Police seize millions in crime forfeitures

By Hamish McNeilly

Photo / File
Photo / File

Police have seized millions of dollars worth of assets since a tough new law came into force.

Since the Criminal Proceeds (Recovery) Act took effect on December 1, 2009, assets worth an estimated $29 million have been forfeited.

Assets include cash ($10.48 million), properties ($13.67 million) and vehicles ($2 million).

Police Minister Anne Tolley said she was pleased with the impact the Act was having on criminals and their activities.

"We are getting the message across that criminals will be punished for their actions, both by being locked up and by having to hand over any profits from their crimes.

"I think the public will be satisfied that criminals and gangs are being put out of business."

Figures released to the Otago Daily Times under the Official Information Act show 14 assets with an estimated value of $862,105.22 have been forfeited in the Southern District.

That includes $115,000 in cash/bank accounts, $23,305 from a commercial property, $648,800.22 from four residential properties, and $75,000 in profit forfeiture orders.

One property forfeited to the Crown was the former Mongrel Mob gang pad in Middleton Rd, Corstorphine, the first property seized by Southern police and the second in New Zealand.

The property, which had a rateable value of $195,000, was later sold at auction for $74,000.

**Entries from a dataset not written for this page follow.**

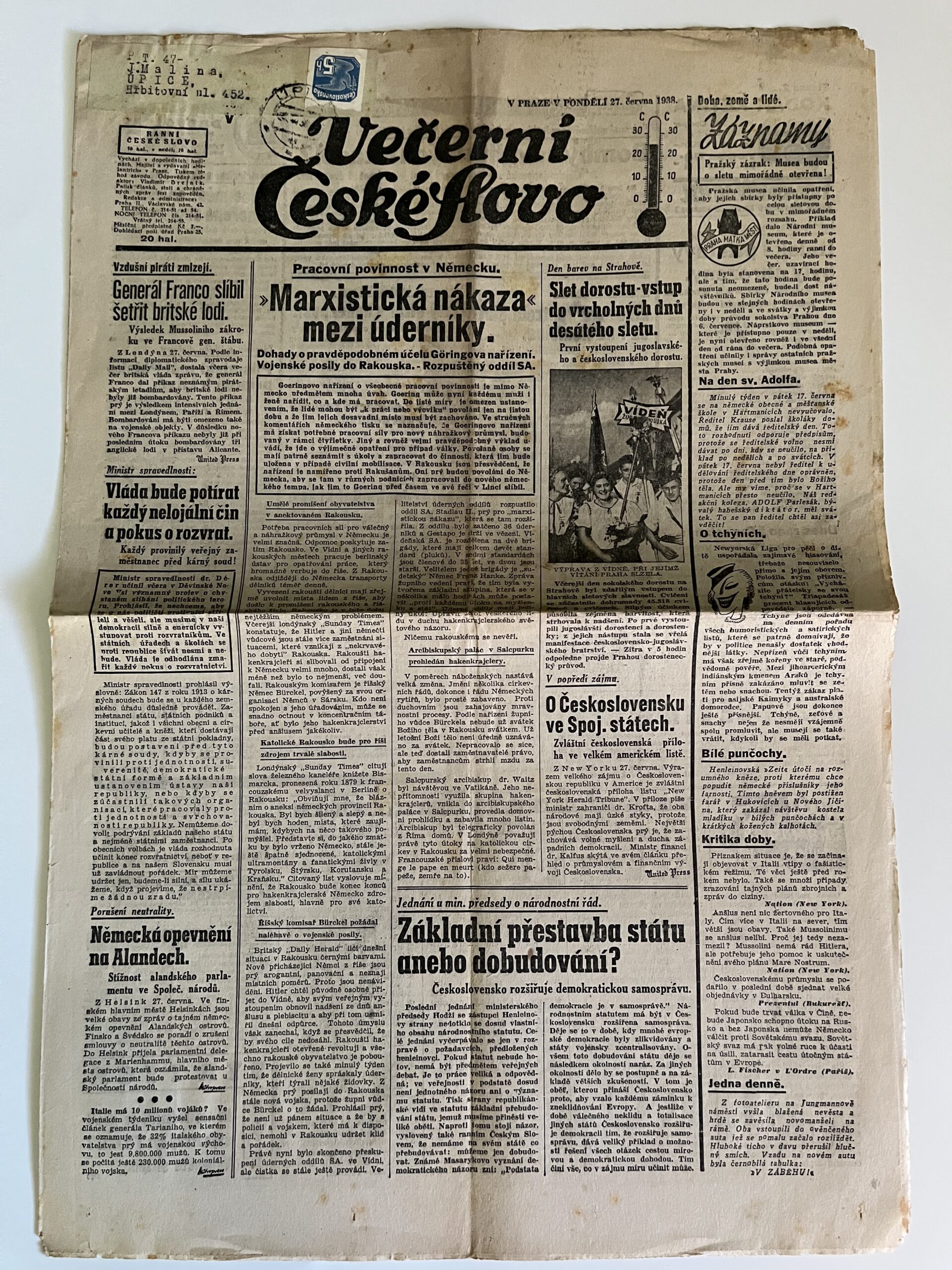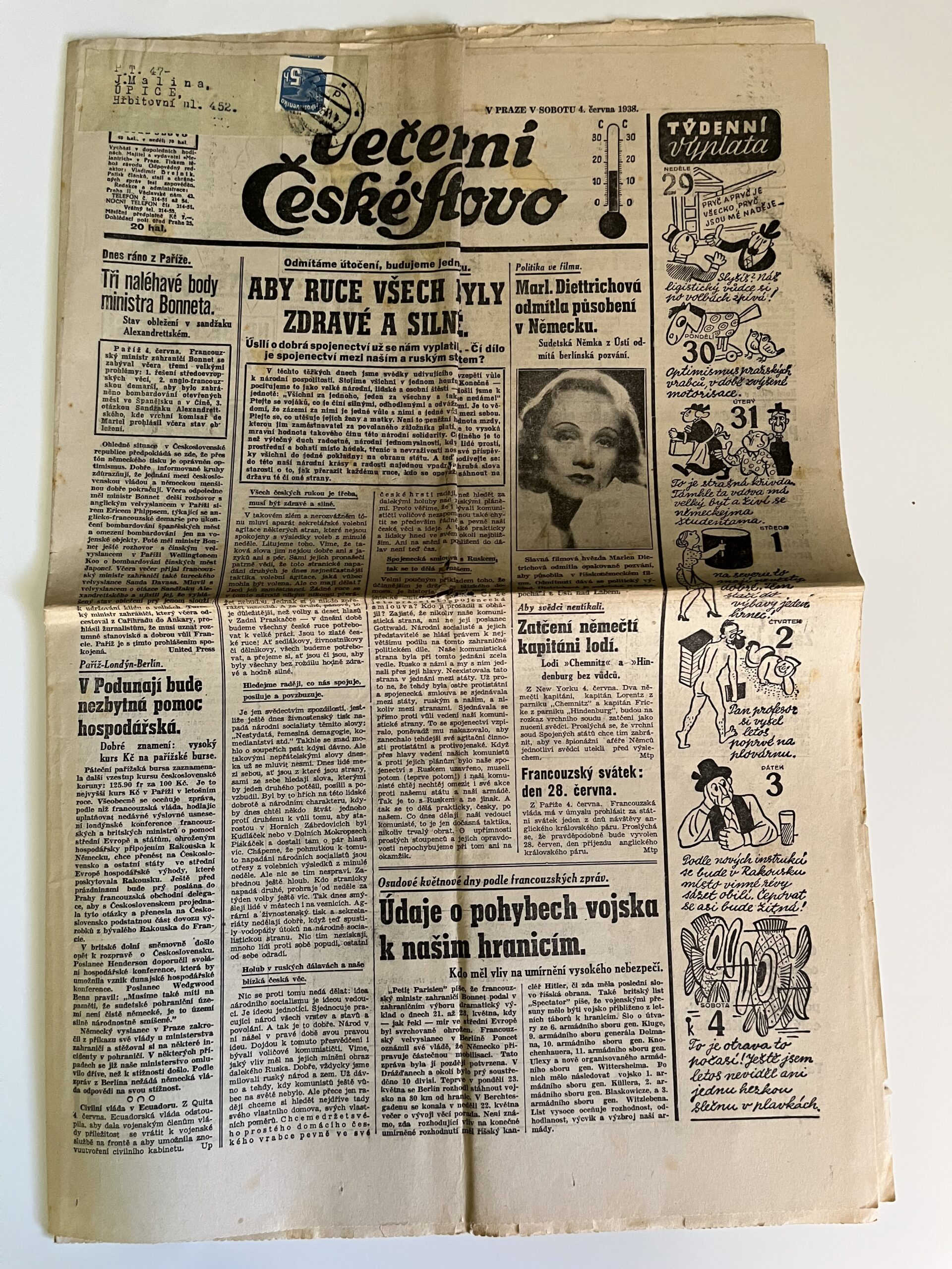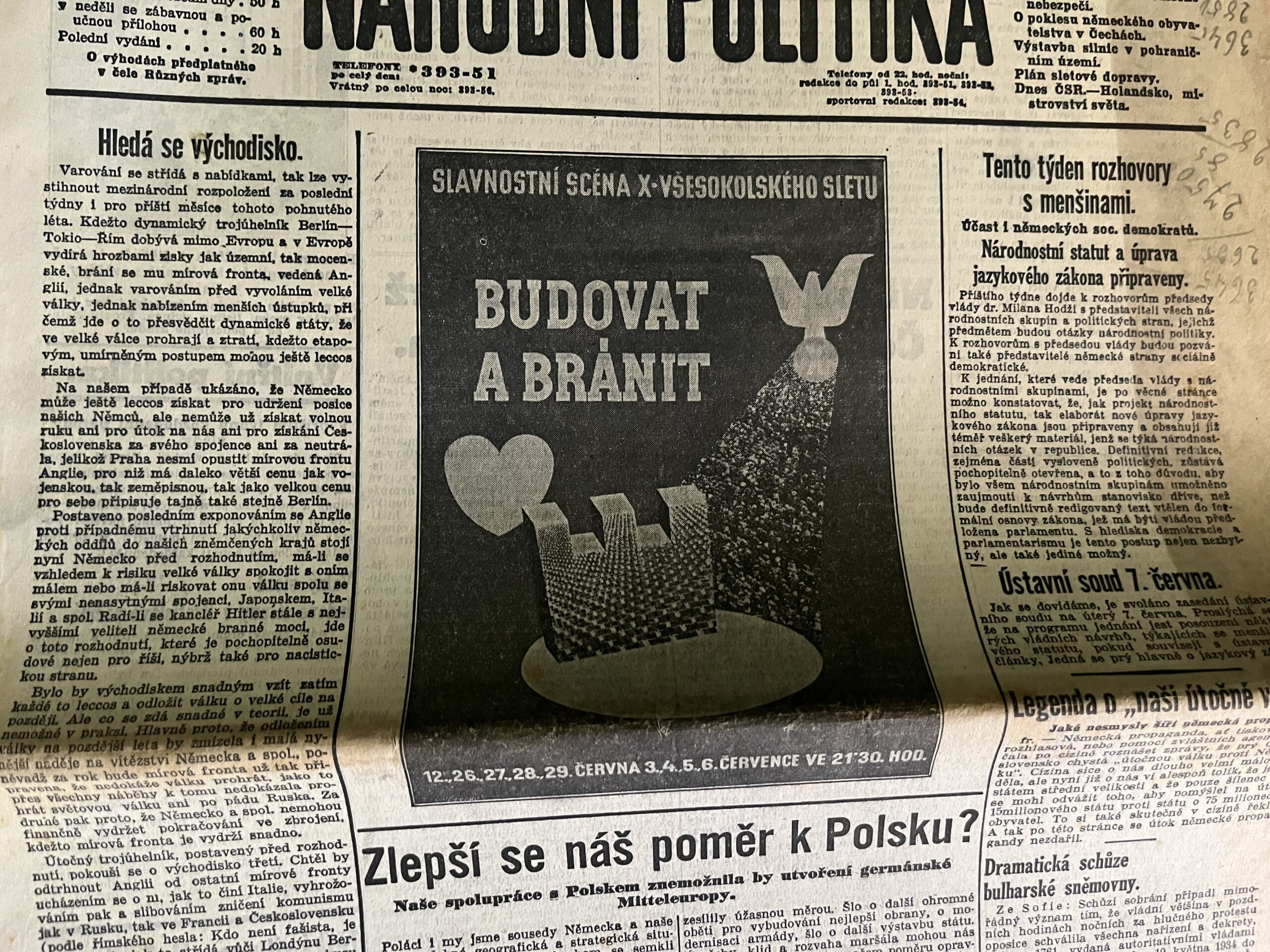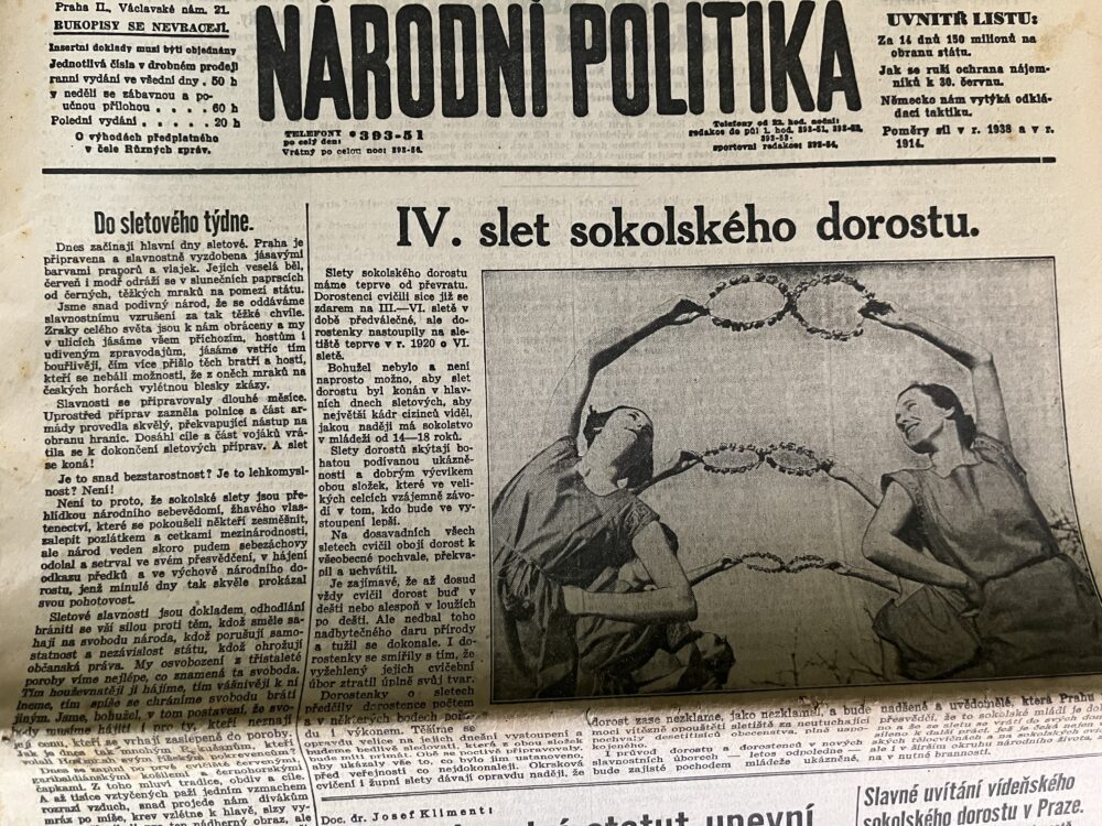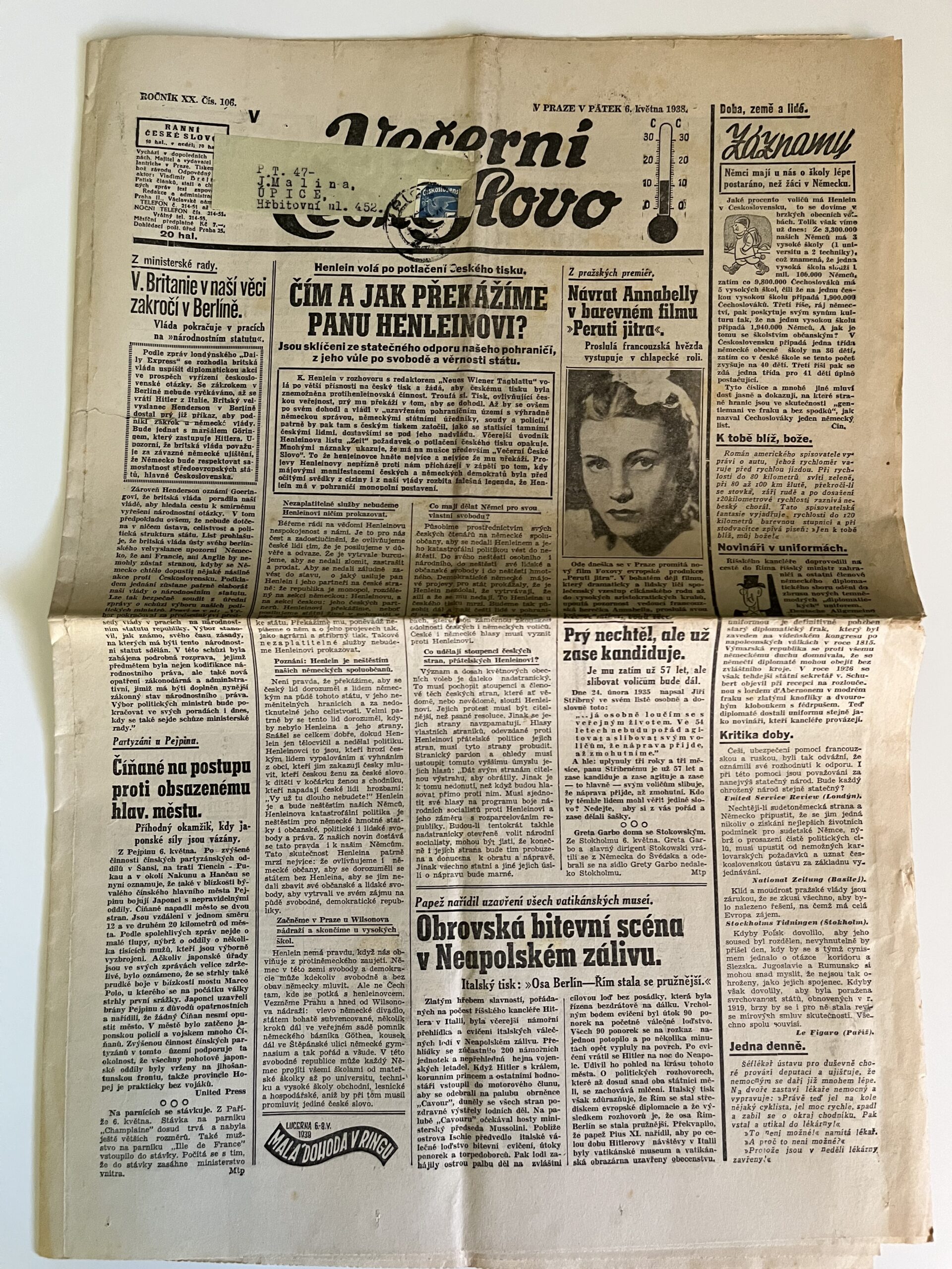 10 (K3-2) Zbrojení, údálosti před protektorátem, ap. Rozměr 32 x 47 cm. Celek obsahuje Národní politika 26.června 1938 – IV.slet sokolského dorostu. Do sletového týdne. Národní statut upevní myšlenku právního státu. Slavné uvítání vídeňského sokolského dorostu v Praze…ad. 16 stran + Nedělní zábavná a poučná příloha Národní politiky 16 stran. Národní politika 5.června 1938 – Budovat a bránit – Slavnostní scéna X-Všesokolského sletu. Zlepší se náš poměr k Polsku? Jednání Německa s Vatikánem o rakouský konkordát…ad. 16 stran. + Nedělní zábavná a poučná příloha Národní politiky 16 stran. Večerní České Slovo 11.června 1938 – Vstup do sletových slavností. Piráti potopili tři britské lodi. K uvedení filmu: Nahodilá výstavka v Čsl. napoleonské společnoti. Times: Nemožnost bleskové války…ad. 8 stran. Večerní České Slovo 27.června 1938 – Marxistická nákaza mezi úderníky. Slet dorostu-vstup do vrcholných dnů desátého sletu. Německá opevnění na Alandech…ad. 6 stran. Večerní České Slovo 6.května 1938 – Čím a jak překážíme panu Henleinovi? V. Británie v naší věci zakročí v Berlíně. Obrovská bitevní scéna v Neapolském zálivu…ad. 8 stran. Večerní České Slovo 4.června 1938 – Aby ruce všech byly zdravé a silné. Marl. Diettrichová odmítla půsebení v Německu. Údaje o pohybech vojska k našim hranicím…ad. 8 stran. Večerní České Slovo 28.května 1938 – Národ prokázal vůli žít a být svobodný. Panu presidentovi dr. Edv. Beneši v těžké době vděk k narozeninám…ad. 8 stran. Večerní České Slovo 7.července 1938 – X. slet všesokolský končí. Naše jezdectvo. Rumunský tambor. Kritika doby…ad. 6 stran. Některé noviny v přehybu poškozeny.
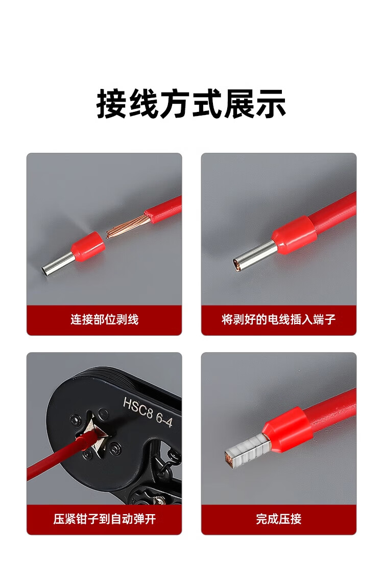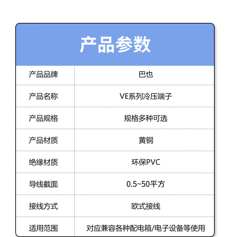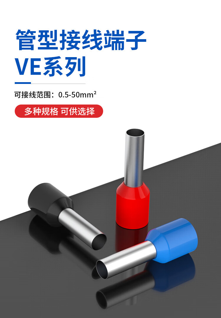 Baye VE tube type pre-insulated cold-pressed terminal block pin type copper nose red 200 pieces BY-E35-16
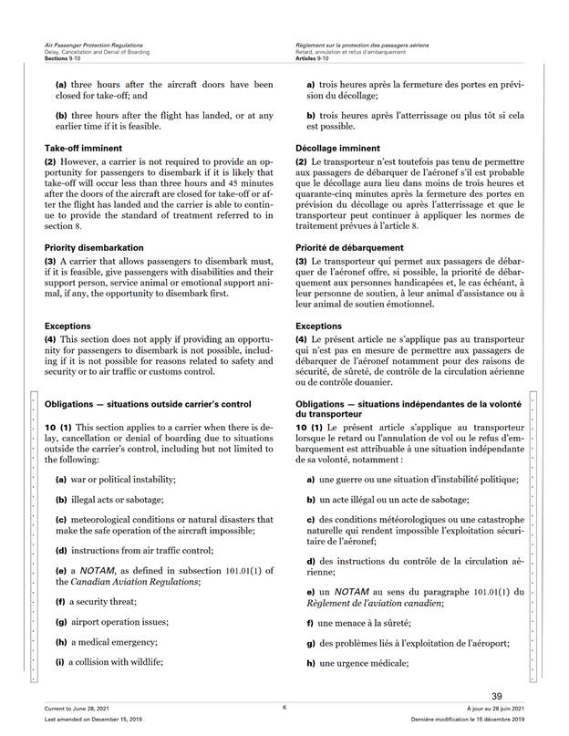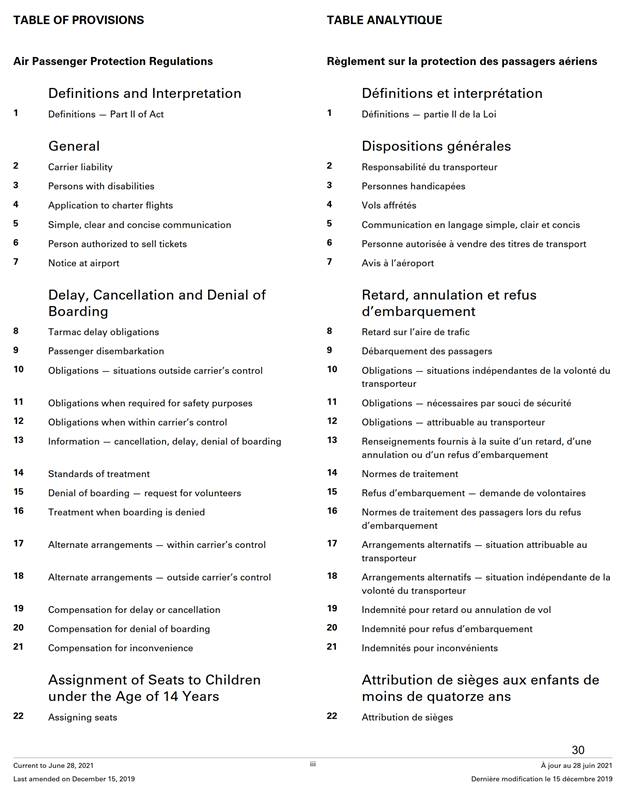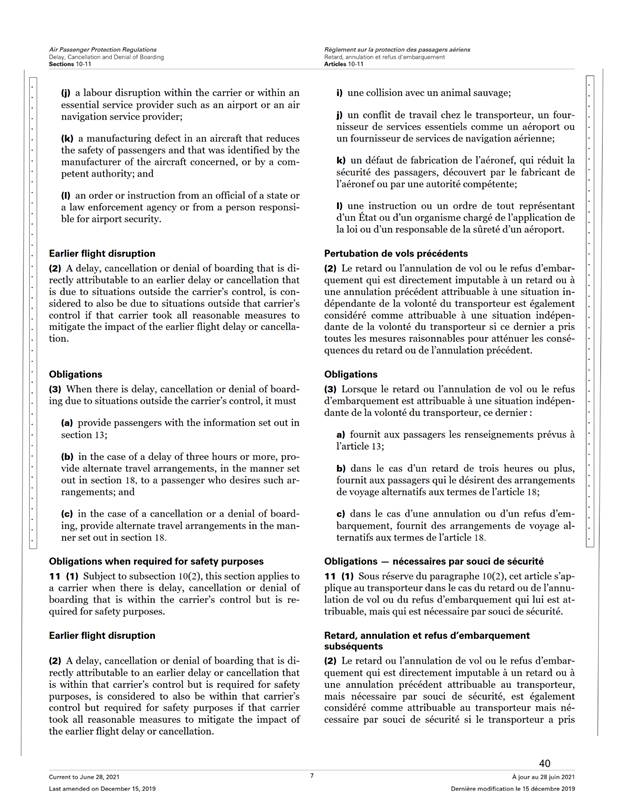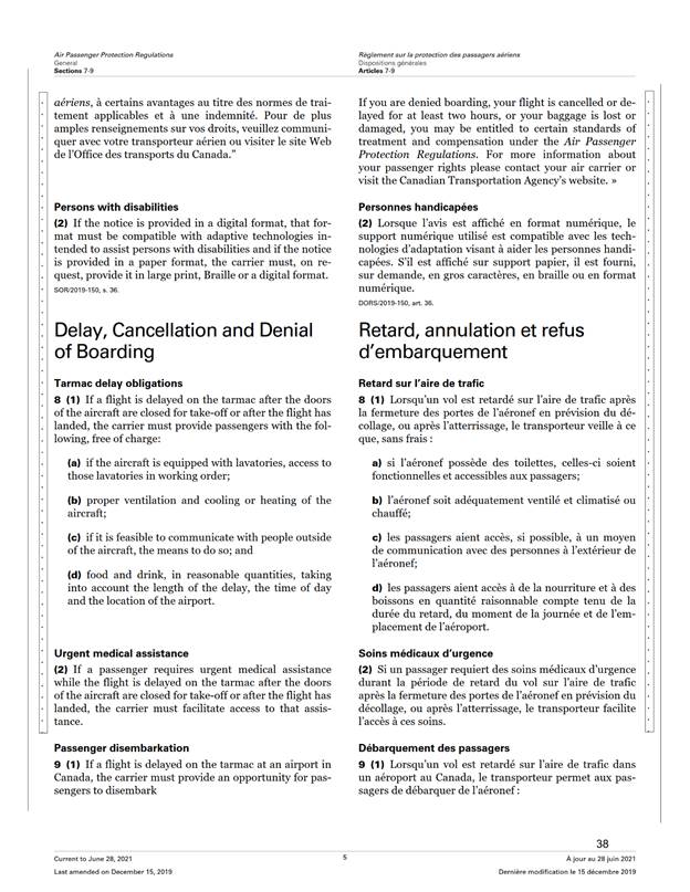 • Flight delays, cancellations and denied boarding (ss. 10-21);
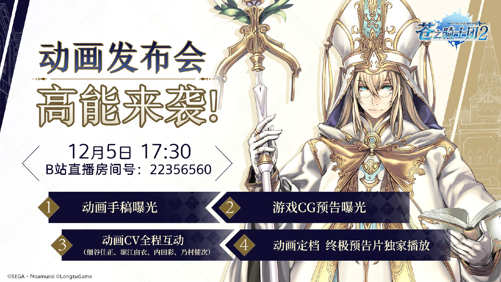 关于《苍之骑士团》动画,另一个次元的主角们,堀江由衣、细谷佳正、内田彩、梅原裕一郎将做客发布会节目,畅谈配音过程中的趣事,想看看大神们银幕下面的另一面?那就千万不要错过啦!
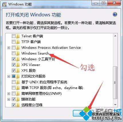 5、加载过程请稍候,完成加载在其中找到Windows search并勾选。然后确定,如图。

The value of assets forfeited in the Southern District was ahead of six other police districts, including Auckland, but behind Waikato ($7.4 million) Bay of Plenty ($3.4 million) and Counties Manukau ($1.8 million).

More than $9.1 million of the total amount forfeited had been referred to police from external agencies.

Mrs Tolley said the Act was clearly a deterrent for criminals as "their boats, cars, motorbikes, properties, and cash aren't going to be waiting for them when they are released from prison".

"There is no benefit for these people getting involved in crime, and they are getting exactly what they deserve. It's only a matter of time before the police catch up with them."